Free Energy of Membrane Pore Formation and Stability from Molecular Dynamics Simulations

. 2025 Jan 27 ; 65 (2) : 908-920. [epub] 20250110

Jazyk angličtina Země Spojené státy americké Médium print-electronic

Typ dokumentu časopisecké články

Perzistentní odkaz   https://www.medvik.cz/link/pmid39792085

Understanding the molecular mechanisms of pore formation is crucial for elucidating fundamental biological processes and developing therapeutic strategies, such as the design of drug delivery systems and antimicrobial agents. Although experimental methods can provide valuable information, they often lack the temporal and spatial resolution necessary to fully capture the dynamic stages of pore formation. In this study, we present two novel collective variables (CVs) designed to characterize membrane pore behavior, particularly its energetics, through molecular dynamics (MD) simulations. The first CV─termed Full-Path─effectively tracks both the nucleation and expansion phases of pore formation. The second CV─called Rapid─is tailored to accurately assess pore expansion in the limit of large pores, providing quick and reliable method for evaluating membrane line tension under various conditions. Our results clearly demonstrate that the line tension predictions from both our CVs are in excellent agreement. Moreover, these predictions align qualitatively with available experimental data.
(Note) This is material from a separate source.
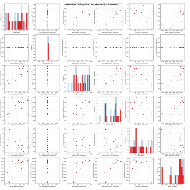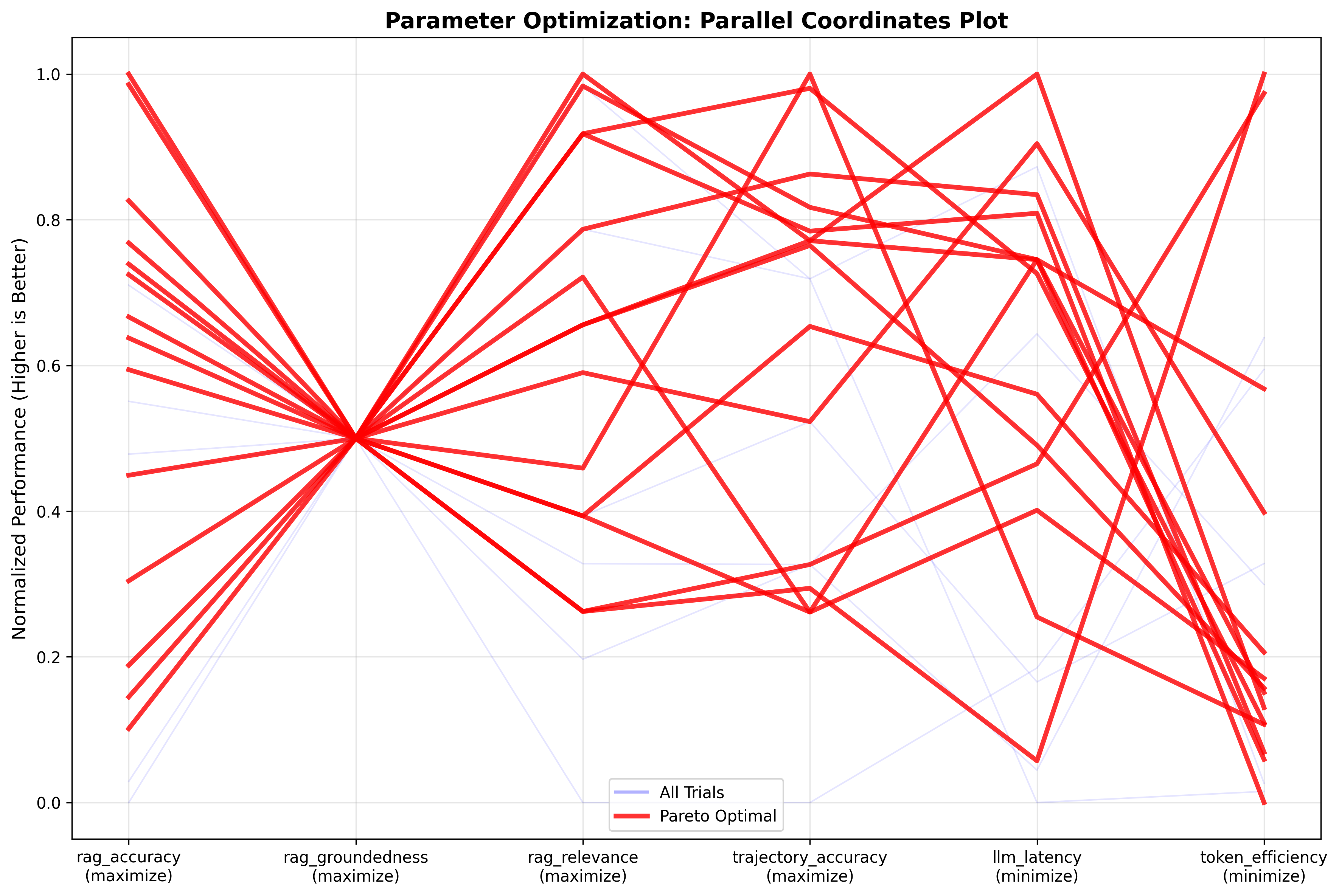 The optimizer plots pairwise pareto curves, as shown in the following pairwise matrix comparison charts, to analyze trade-offs between different parameters. The parallel coordinates plot, that follows the matrix comparison chart, shows optimal trials (red lines) achieving high quality scores (0.8–1.0) across accuracy, groundedness, and relevance while trading off some efficiency as token usage and latency drop to 0.6–0.8 on the normalized scale. The pairwise matrix confirms strong correlations between quality metrics and reveals actual token consumption clustered tightly around 2,500–3,100 tokens across all trials. These results indicate that further gains in accuracy and token efficiency might be possible through prompt engineering. This is something that development teams can achieve using NeMo Agent Toolkit’s prompt optimization capabilities, helping reduce costs while maximizing performance.
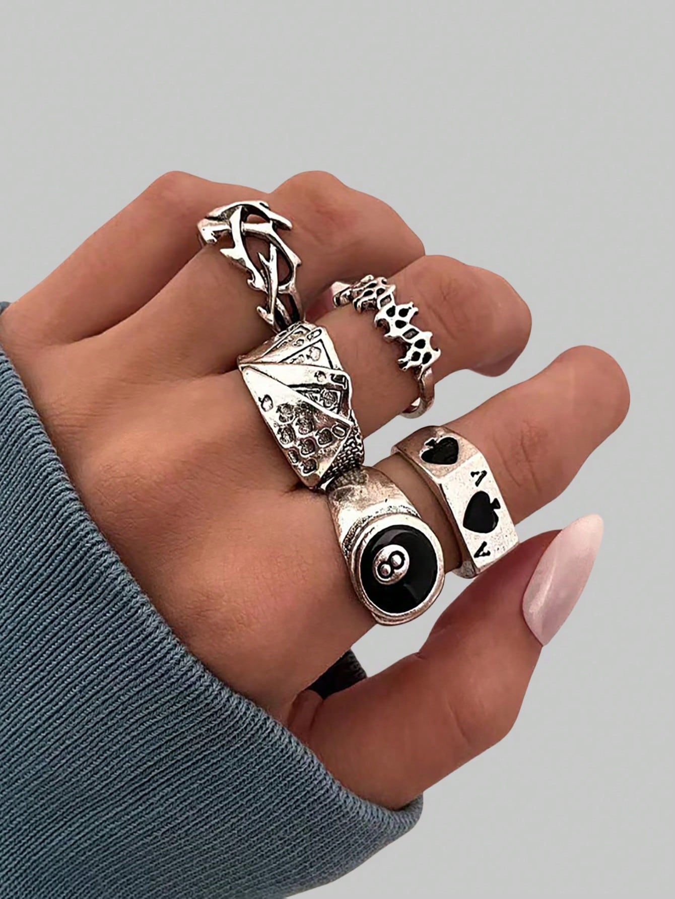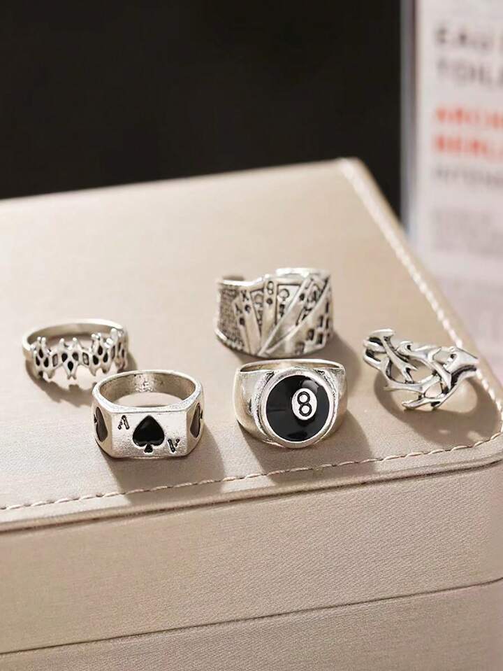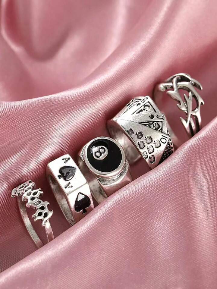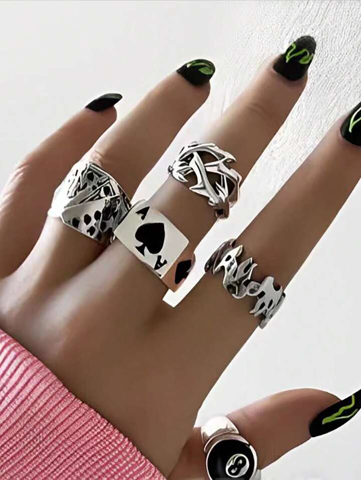 Goth Women's Personalized Poker Card Ring Set

Specifically, they reflect higher line tension of 1-palmitoyl-2-oleoyl-sn-glycero-3-phosphocholine (POPC) membranes containing 1-palmitoyl-2-oleoyl-sn-glycero-3-phospho-l-serine (POPS) lipids compared to pure POPC, the decrease in line tension of POPC vesicles as the 1-palmitoyl-2-oleoyl-sn-glycero-3-phosphoglycerol (POPG) content increases, and higher line tension when ionic concentration is increased. Notably, these experimental trends are accurately captured only by the all-atom CHARMM36 and prosECCo75 force fields. In contrast, the all-atom Slipids force field, along with the coarse-grained Martini 2.2, Martini 2.2 polarizable, and Martini 3 models, show varying degrees of agreement with experiments. Our developed CVs can be adapted to various MD simulation engines for studying pore formation, with potential implications in membrane biophysics. They are also applicable to simulations involving external agents, offering an efficient alternative to existing methodologies.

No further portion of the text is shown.